Heat Shock Factor 1 (HSF1) is the master stress transcription factor which enables cells to overcome and survive otherwise lethal stresses (heat, acidosis, hypoxia, genomic stress, oxidative stress, etc.) [1-3]. While central to several pathophysiological conditions, in cancer cells, HSF1 is intimately linked with cancer initiation, progression and metastasis [2, 4, 5]. Consistent with major involvement in metastasis, HSF1 is highly expressed and activated in high grade primary cancers, significantly increased in metastatic lesions and strongly associated with poor outcomes in cancer patients (lung, breast, prostate, etc) [6-8].
While HSF1 has been demonstrated to be dispensable for normal function and survival (in both cell and whole animal models), in advanced cancer cells HSF1 knockdown induces lethality [4, 9]. HSF1 has consequently emerged as a major therapeutic target, and this has motivated numerous research groups to undertake programs which seek to develop HSF1 inhibitors [2, 10, 11]. However, to this end these have been unsuccessful due to an inability to specifically and directly target HSF1 (thus resulting in non-specific modes of action) [2, 10, 11]. We have taken an alternative approach to targeting HSF1, through the development of rationally designed peptide inhibitors.
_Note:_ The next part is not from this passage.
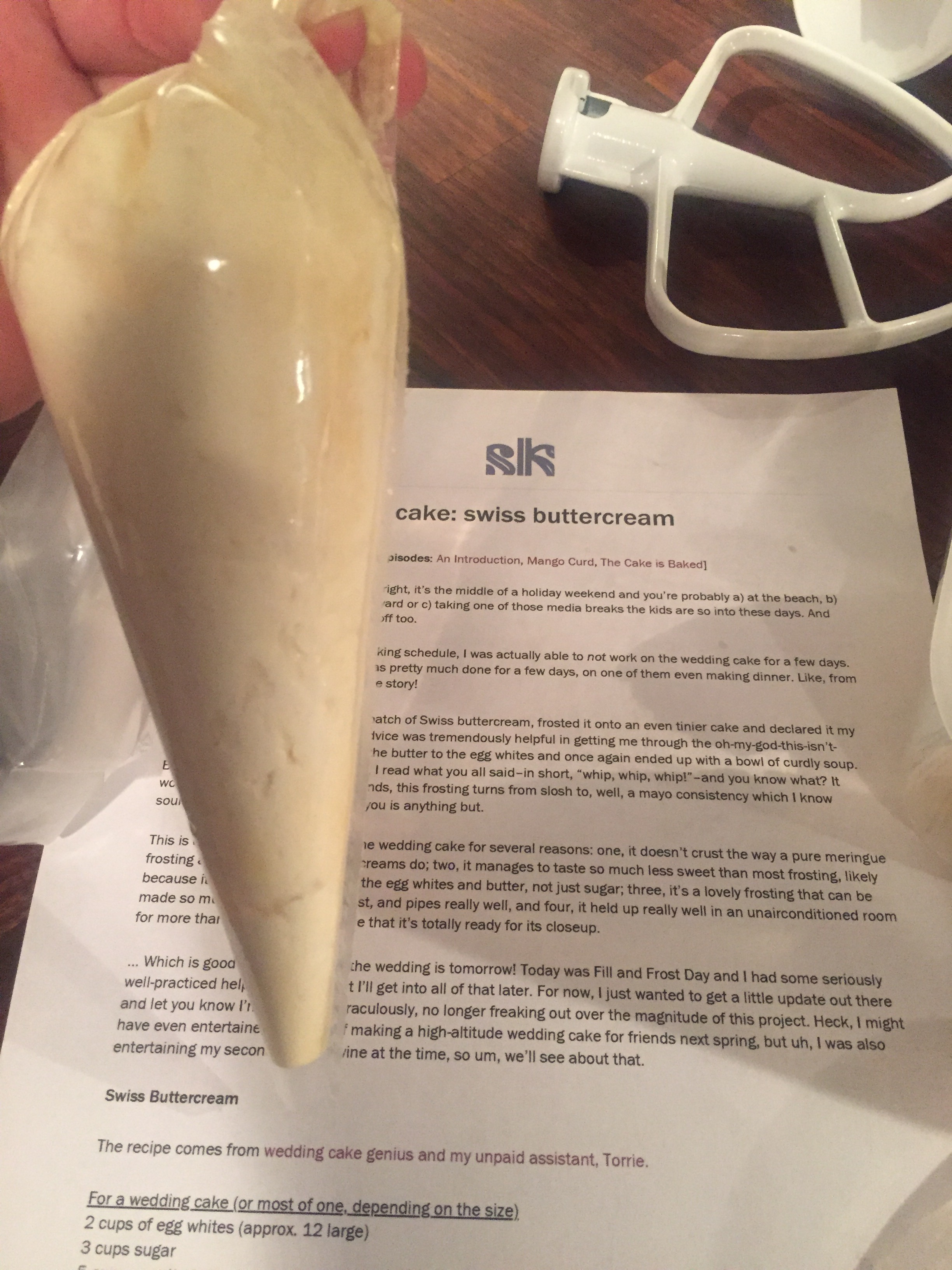 I found a recipe for Swiss buttercream from smitten kitchen (one of my favorite food blogs), and tested it out in the tiniest amount listed. I’d never made this particular type of buttercream before, and I was nervous about how the heated egg white step would turn out.

In this study, we have confirmed that our peptide inhibitor (HiPe4) directly binds HSF1 through use of a biotinylated pulldown of recombinant HSF1. We have also demonstrated that HiPe4 (through incorporation of cell permeability sequences) reduces levels of cell motility proteins and proteins directly regulated by HSF1. Importantly, other proteins not under direct HSF1 regulation have been shown to be unaffected by HiPe4.
The outcomes of this work provide essential preliminary data establishing the efficacy of HiPe4 for interacting with HSF1 and inhibiting its function in vitro, prior to further investigations we will conduct in vivo.